We are nearly 9 months into the so-called COVID-19 global pandemic.  While not without historical precedent, COVID-19 has wreaked havoc on the physical and economic health of millions both within the United States and around the world.  In Minnesota and across the country, governors and their public health departments have exercised “peacetime” emergency powers designed both to limit the spread of the virus but also to minimize its adverse impacts, both physical and financial, to the broader population.  The success of these measures has been mixed.

While much is being written and debated regarding the merits of social distancing, including masking policies, as a means of protecting public health, less is being written and debated regarding the direct economic effects of some of these policies, which in any other context, would spawn enough litigation to swamp state and federal courthouses in all 50 states.

In Minnesota, there have been few such challenges to the emergency powers exercised by Gov.
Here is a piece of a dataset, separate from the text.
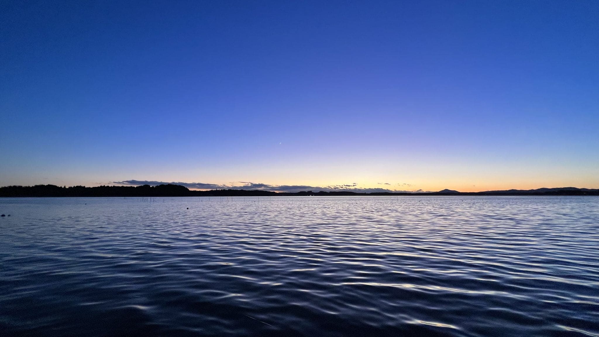 涸沼の水辺と朝焼けが近い、湖畔の静かなキャンプ場

Tim Walz.  These challenges have targeted public health decrees relating to social distancing, including mandatory stay-at-home and business closure orders.  The author is not aware of any such challenge finding success in a courtroom, probably due to the underlying legal authority granted to state leaders, but also the perceived public health benefit of these orders.

Certainly stay-at-home orders, including business closure orders, have imposed massive economic hardship, but their public health premise has thus far shielded Gov. Walz and other national leaders from successful legal challenges.  Less discussed are those policies that actually impose a government-sanctioned cost on businesses and individuals with no direct public health connection, akin to a government taking of property with no due process or compensation for the loss.

The clearest example is the COVID-related policy that blocks landlords from evicting or non-renewal of a lease of a residential tenant for non-payment of rent.  In Minnesota, Gov. Walz imposed a restriction on tenant evictions almost immediately, along with other prescriptive measures.  The prohibition on evictions or lease terminations is nearly universal in scope, allowing evictions or lease terminations only when there is clear evidence of criminal activity occurring in the leasehold premises that endangers the safety of others, such as threats of violence or illegal drug use.  But for this limited exception, landlords have no remedy for a tenant’s failure to pay rent, whether willful or otherwise.

The actual economic plight of the tenant, if any, is irrelevant.  What’s ironic is that thousands of tenants facing sudden unemployment have benefitted from state and federal cash grants to supplement traditional unemployment benefits.  Not only have such policies not been tied to meeting existing lease obligations, they have actually led business owners to complain that they can’t attract workers back to their jobs.

Yes, under the emergency orders the tenant has a continuing legal obligation to pay rent when due, but a tenant needs no excuse, no permission, no reason at all, to withhold payment of rent.  Meanwhile landlords, including thousands of small property owners, are forced to eat the cost of this policy, hoping to be made whole some other day, if they are not first foreclosed upon by an unforgiving lender.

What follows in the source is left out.